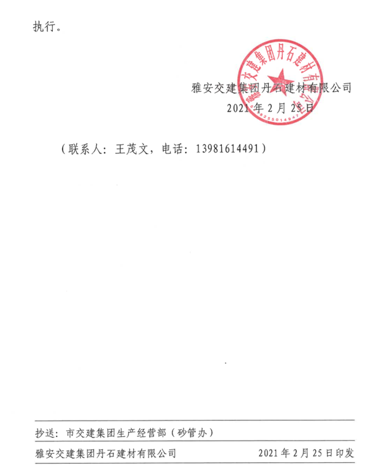 米兰体育-米兰(中国)官网 丹石公司石灰岩成品骨料挂牌价(2021.2.25)
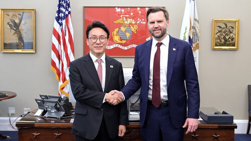 ▲ 김민석 국무총리와 JD 밴스 미국 부통령이 12일(현지시간) 워싱턴 DC의 백악관에서 만나 악수하고 있다
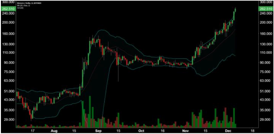 Monero (XMR) has been continually growing over the past month, and now holds a market cap of US $ 3.88 trillion with US $ 310.8 million in trading volume over the past 24 hours. The coin has risen 1600% since January of this year.
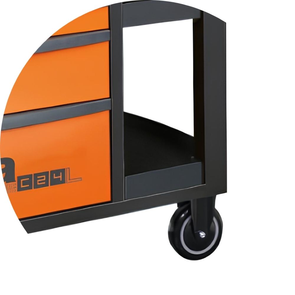 Conteúdo da embalagem: 1 Carrinho de Ferramentas 1100KG Laranja e Cinza 7 Gavetas Protegidas e Prateleira RSC24L/7-O Beta
☆ ☆ ☆ ☆ ☆ ☆ ☆
Starting with the line that contains "백악관에서 만나 악수하고 있다", reproduce every line to the end of the material above, both end lines included, exactly and with no pictures.

## YOUR SOLUTION
 ▲ 김민석 국무총리와 JD 밴스 미국 부통령이 12일(현지시간) 워싱턴 DC의 백악관에서 만나 악수하고 있다
 Monero (XMR) has been continually growing over the past month, and now holds a market cap of US $ 3.88 trillion with US $ 310.8 million in trading volume over the past 24 hours. The coin has risen 1600% since January of this year.
 Conteúdo da embalagem: 1 Carrinho de Ferramentas 1100KG Laranja e Cinza 7 Gavetas Protegidas e Prateleira RSC24L/7-O Beta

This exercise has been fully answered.